Published in final edited form as: Neurosci Res. 2008 May 8;61(4):333–334. doi: 10.1016/j.neures.2008.05.001

Age, sex, and hormonal status can be additional variables in prenatal dexamethasone exposure

Libor Velíšek 1
PMCID: PMC2497004  NIHMSID: NIHMS59799  PMID: 18554736

Abstract

This Letter to Editors refers to “Prenatal dexamethasone exposure affects anxiety-like behaviour and neuroendocrine systems in an age dependent manner” by M. Nagano et al. (60)364-371, 2008. The letter points to unexpected decrease of glucocorticoid receptors, which is rather consistent with anxiolytic effects and suggests that age, sex, and hormonal status of subjects may represent additional confounding varibales.

Keywords: corticotropin-releasing factor, glucocorticoid receptors, anxiety, postnatal development, sex, ovarian cycle

Sirs,

I have read with great interest the paper of M. Nagano et al. titled “Prenatal dexamethasone exposure affects anxiety-like behaviour and neuroendocrine systems in an age dependent manner”. In this article the authors show that prenatal exposure to 50 μg/kg of dexamethasone daily between gestational day 16-21 has age-specific effects on postnatal behaviors and expression of molecules associated with HPA axis function. Specifically, rats at postnatal week (PW) 10 (adults), but not at PW4 (prepubertal) and PW7 (barely postpubertal), exhibit signs of increased anxiety behaviors. CRF in the hypothalamus is decreased in PW4 and PW10 rats and glucocorticoid receptor expression is attenuated in central and medial nuclei of amygdala at PW7 and PW10.

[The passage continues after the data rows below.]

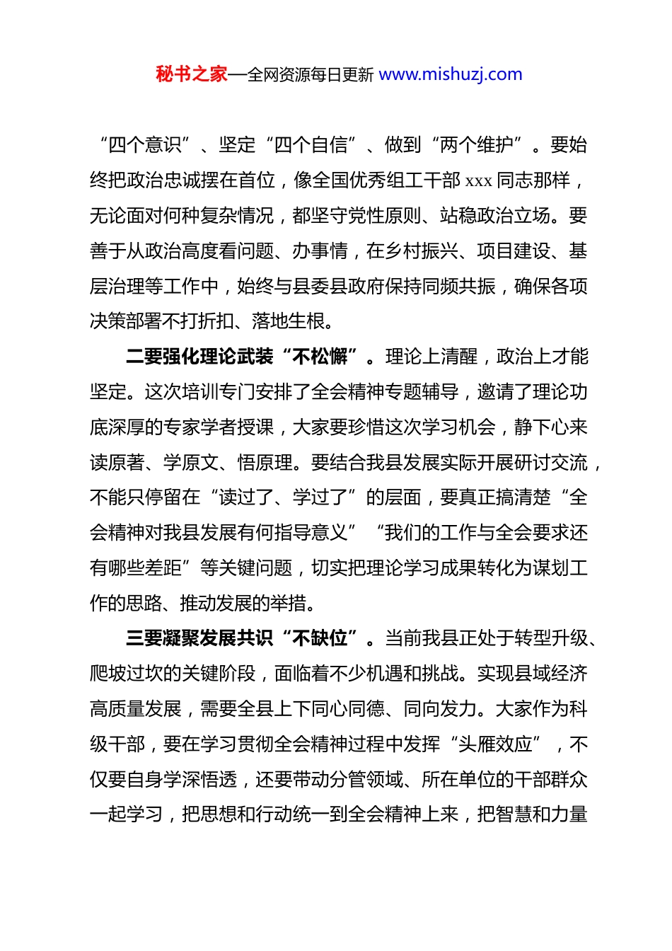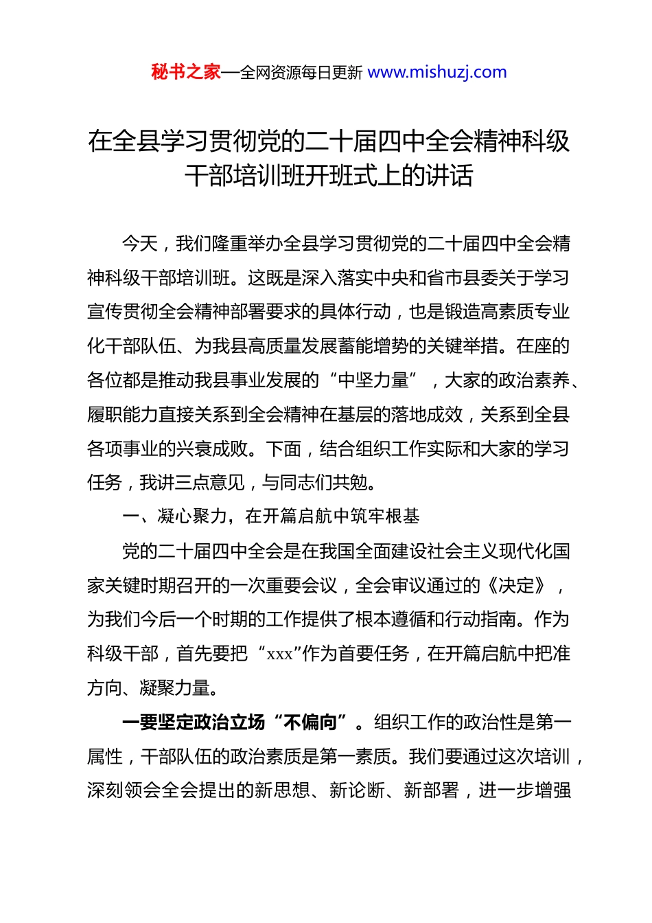 秘书之家—全网资源每日更新 www.mishuzj.com在全县学习贯彻党的二十届四中全会精神科级干部培训班开班式上的讲话今天,我们隆重举办全县学习贯彻党的二十届四中全会精神科级干部培训班。这既是深入落实中央和省市县委关于学习宣传贯彻全会精神部署要求的具体行动,也是锻造高素质专业化干部队伍、为我县高质量发展蓄能增势的关键举措。在座的各位都是推动我县事业发展的“中坚力量”,大家的政治素养、履职能力直接关系到全会精神在基层的落地成效,关系到全县各项事业的兴衰成败。下面,结合组织工作实际和大家的学习任务,我讲三点意见,与同志们共勉。一、凝心聚力,在开篇启航中筑牢根基党的二十届四中全会是在我国全面建设社会主义现代化国家关键时期召开的一次重要会议,全会审议通过的《决定》,为我们今后一个时期的工作提供了根本遵循和行动指南。作为科级干部,首先要把“xxx”作为首要任务,在开篇启航中把准方向、凝聚力量。一要坚定政治立场“不偏向”。组织工作的政治性是第一属性,干部队伍的政治素质是第一素质。我们要通过这次培训,深刻领会全会提出的新思想、新论断、新部署,进一步增强秘书之家—全网资源每日更新 www.mishuzj.com“四个意识”、坚定“四个自信”、做到“两个维护”。要始终把政治忠诚摆在首位,像全国优秀组工干部 xxx 同志那样,无论面对何种复杂情况,都坚守党性原则、站稳政治立场。要善于从政治高度看问题、办事情,在乡村振兴、项目建设、基层治理等工作中,始终与县委县政府保持同频共振,确保各项决策部署不打折扣、落地生根。二要强化理论武装“不松懈”。理论上清醒,政治上才能坚定。这次培训专门安排了全会精神专题辅导,邀请了理论功底深厚的专家学者授课,大家要珍惜这次学习机会,静下心来读原著、学原文、悟原理。要结合我县发展实际开展研讨交流,不能只停留在“读过了、学过了”的层面,要真正搞清楚“全会精神对我县发展有何指导意义”“我们的工作与全会要求还有哪些差距”等关键问题,切实把理论学习成果转化为谋划工作的思路、推动发展的举措。三要凝聚发展共识“不缺位”。当前我县正处于转型升级、爬坡过坎的关键阶段,面临着不少机遇和挑战。实现县域经济高质量发展,需要全县上下同心同德、同向发力。大家作为科级干部,要在学习贯彻全会精神过程中发挥“头雁效应”,不仅要自身学深悟透,还要带动分管领域、所在单位的干部群众一起学习,把思想和行动统一到全会精神上来,把智慧和力量秘书之家—全网资源每日更新 www.mishuzj.com凝聚到县委县政府的中心工作上来,形成“心往一处想、劲往一处使”的强大合力。二、学思践悟,在专业赋能中增强本领全会明确提出要“建设高素质专业化干部队伍”,这既是对干部队伍建设的要求,也是对我们每一位干部的鞭策。当前我县部分干部存在“本领恐慌”,面对新形势新任务,老办法不管用、新办法不会用的问题依然存在。这次培训就是要针对性地补短板、强弱项,帮助大家在专业赋能中提升履职能力。一要聚焦重点领域“补短板”。结合我县发展实际,这次培训专门设置了乡村振兴、基层治理、项目服务等特色课程,还邀请了农业专家、企业高管等兼职导师授课。大家要结合自身岗位需求,精准“选课”“充电”,比如乡镇干部要重点学习乡村产业发展、人居环境整治等知识,县直部门干部要重点提升政策解读、服务企业等能力。要通过案例分析、现场教学等方式,把专业知识学深学透,切实解决“知识空白”“能力弱项”等问题。二要创新学习方法“提效能”。干部教育培训既要“苦学”也要“巧学”。我们这次培训采取“线上+线下”“专题辅导+实务教学”的模式,就是为了提升学习实效。大家要充分利用线上平台开展自主学习,利用线下研讨交流碰撞思想火秘书之家—全网资源每日更新 www.mishuzj.com花。要带着问题学、联系实际学,把学习过程变成思考问题、解决问题的过程。比如在学习基层治理知识时,要结合自己工作中遇到的矛盾纠纷化解难题,主动向授课老师请教,与其他学员交流经验,在互动学习中提升解决实际问题的能力。三要坚持学用结合“强本领”。“纸上得来终觉浅,绝知此事要...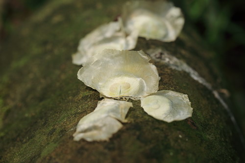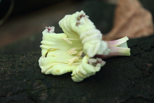 木蝴蝶的花在夏秋之际的夜晚开放。夕阳余晖之际,还是含苞待放的花苞,鼓鼓囊囊,翌日清晨只剩下紫色钟状的花萼和长长的花柱。木蝴蝶黑夜里开花,逐渐浓烈,然后凋零,单朵花的花期短短的一个夜晚。拾起草丛里的落花,沉甸甸的一大朵,雄蕊插生于花冠筒中部,花丝基部很特别,像棉花糖一样的白色棉毛。至于花的气味,《中国植物志》上说“有恶臭气味”,个人感觉略有差异,我也无法准确描述,反正大量的落花凑在一起有种闷闷的感觉。人嫌弃木蝴蝶花气味不愉快,拟阿勇蛞蝓等杂食性的小东西倒是欢喜,守在树下,哧溜的爬进落花里大快朵颐。
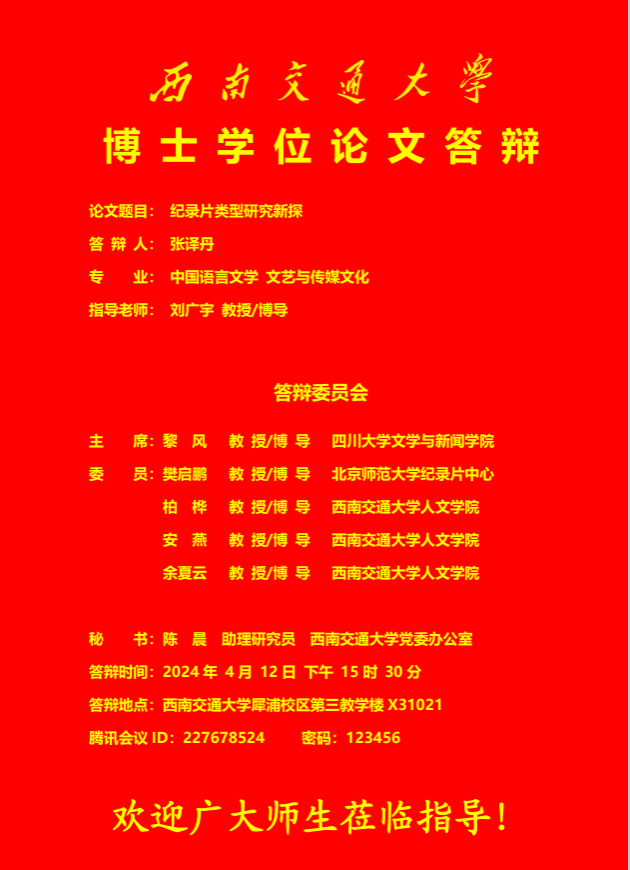 【博士答辩】爱看影视 博士研究生学位论文答辩海报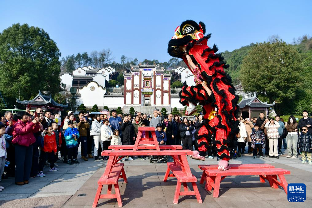 2月13日,在湖北省宜昌市秭归县屈原故里文化旅游区,非遗传承人和民间艺人为当地居民和游客表演舞狮。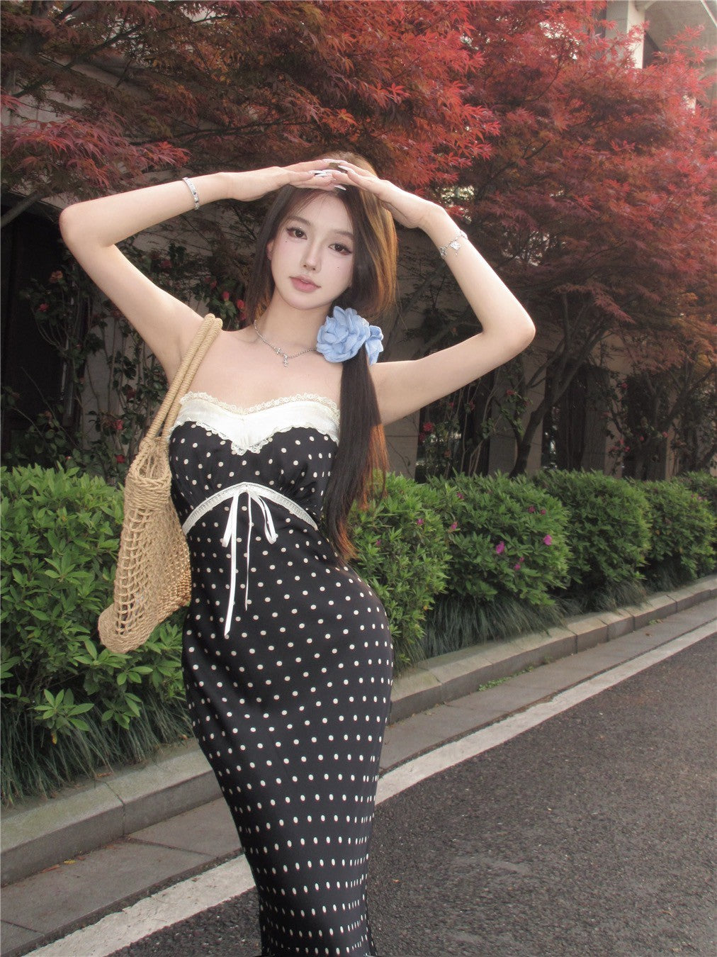 Na+ 溫柔甜心 波點撞色蝴蝶結抹胸連身裙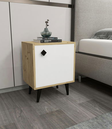 Nočný stolík - Helsinki je elegantný kus nábytku, ktorý doplní váš spálňový interiér. Vysoký 65 cm, široký 45 cm a hlboký 35 cm, ponúka dostatok miesta na uloženie vecí, ktoré potrebujete mať v dosahu počas noci. Vyrobený z kvalitného dubu a bielenej farby, tento stolík pridáva vkus a štýl vašej izbe. S jeho elegantným dizajnom a praktickými úložnými priestormi je ideálnym doplnkom pre každú spálňu.
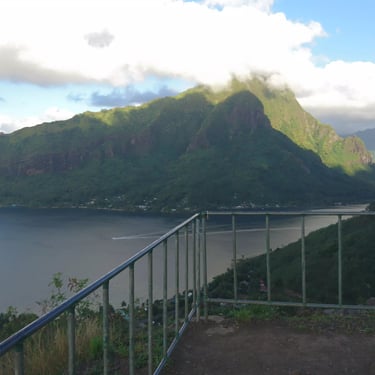 Depuis son sommet, à 230 mètres d’altitude, vous profiterez d’une vue imprenable sur les baies d’Ōpūnohu et de Cook, les lagons turquoise, les motus, et même l’île de Tahiti par temps dégagé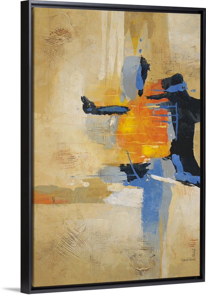 <p>Contemporary abstract artwork using warm and cool tones in a geometric rhythm.</p>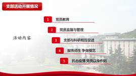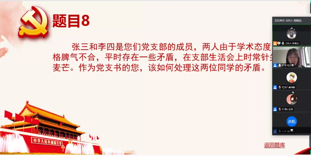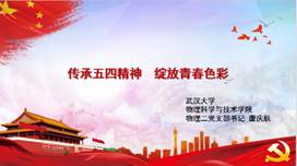 物理二支部在风采展示环节,通过丰富多彩的支部活动,从多个方面展示了模范支部应有的姿态。党员教育形式多样、党内监督严格有序、科研学习积极交流、支部成员争做模范、战疫有我以身作则……精彩的展示得到了在线师生的一致好评。紧接着,物理二支部书记唐庆航给大家讲了主题为“传承五四精神 绽放青春色彩”的微党课,从“五四精神”的现代解读到疫情下的青年榜样,每一张幻灯片都让大家感受到了青春奋斗的朴实真理——“青春由磨砺而出彩,人生因奋斗而升华”。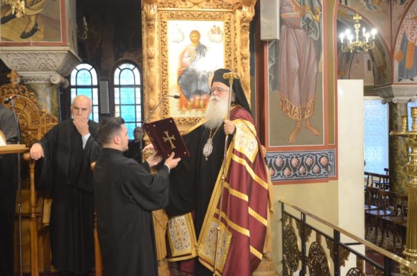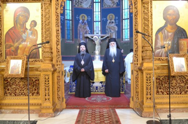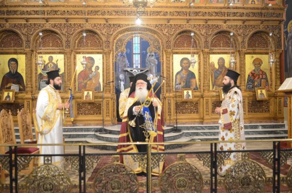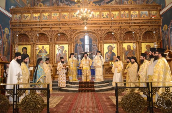 Στην Ακολουθία του Όρθρου χοροστάτησε ο Μητροπολίτης Δημητριάδος και Αλμυρού κ. Ιγνάτιος, ο οποίος προεξήρχε στην Τρισαρχιερατική Θεία Λειτουργία, συλλειτουργούντων του Μητροπολίτου Μεσογαίας και Λαυρεωτικής κ. Νικολάου και του Μητροπολίτου Αιτωλίας και Ακαρνανίας κ. Δαμασκηνού.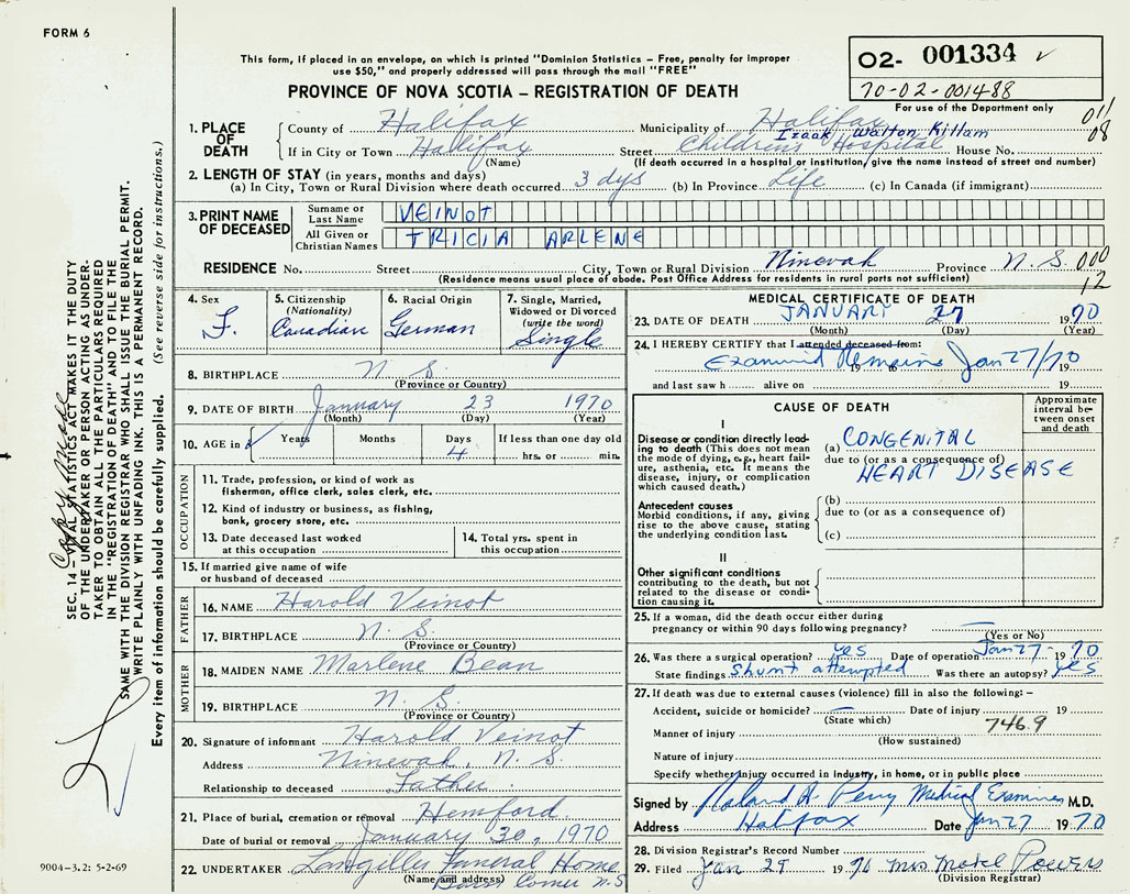 3. PRINT NAME OF DECEASED Veinot, Tricia Arlene
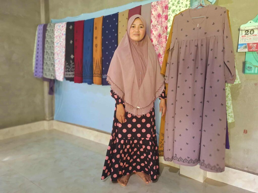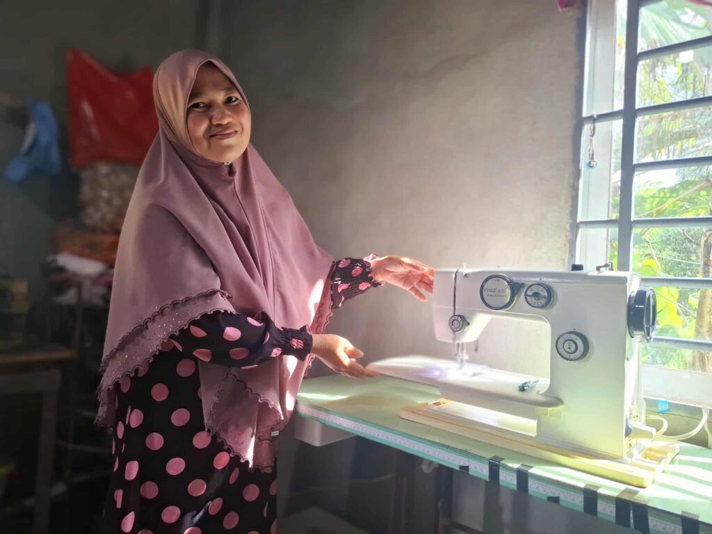 She adds with a laugh: “It also saves expenses when I make clothes for myself and my children.” Her sewing not only supports her family but also strengthens her community. “People in the village come to me to fix or make clothes,” she shares.

The anxiety results in the adulthood correlate well with the data of Wellberg et al. (Welberg et al., 2001). Experiments performed in my laboratory expand these findings and indicate that in very young rats (PW2) the effects of prenatal exposure to a synthetic steroid are different. After exposure to two injections of 400 μg/kg of betamethasone on gestational day 15, we found a decrease in anxiety determined by an elevated plus maze paradigm and in the open field. As these tests for anxiety involve rather (ventral) hippocampus than amygdala, which is associated with more prominent fear (Treit et al., 1993; Bannerman et al., 2004), we further substantiated these results by demonstrating an increase in hippocampal expression of NPY (Velíšek, 2006), a powerful anxiolytic molecule (Heilig, 2004). While the data on the expression of CRF and glucocorticoid receptors shown in the paper are compelling, the discussion (or lack of thereof) on their link to anxiety behaviors is puzzling: CRF is a strong anxiogenic substance and its increase in relevant structures as indicated above could account for increases in anxiety (Stenzel-Poore et al., 1994). However, the authors investigated only mRNA, not looking at the actual product, which in fact may be differentially regulated by posttranscriptional effects of corticosteroids (Muller et al., 2002). On the other hand, decrease in glucocorticoid receptors provides fewer targets for glucocorticoids, which are also anxiogenic molecules: Thus, the net effect of glucocorticoid receptor decrease is anxiolytic (Tronche et al., 1999). The unexpected finding of the present study warrants further discussion. Finally, interpretation of rearing behavior for anxiety is very difficult and some authors associate increased anxiety with increased rearing rate instead of decreased (McGregor et al., 2004).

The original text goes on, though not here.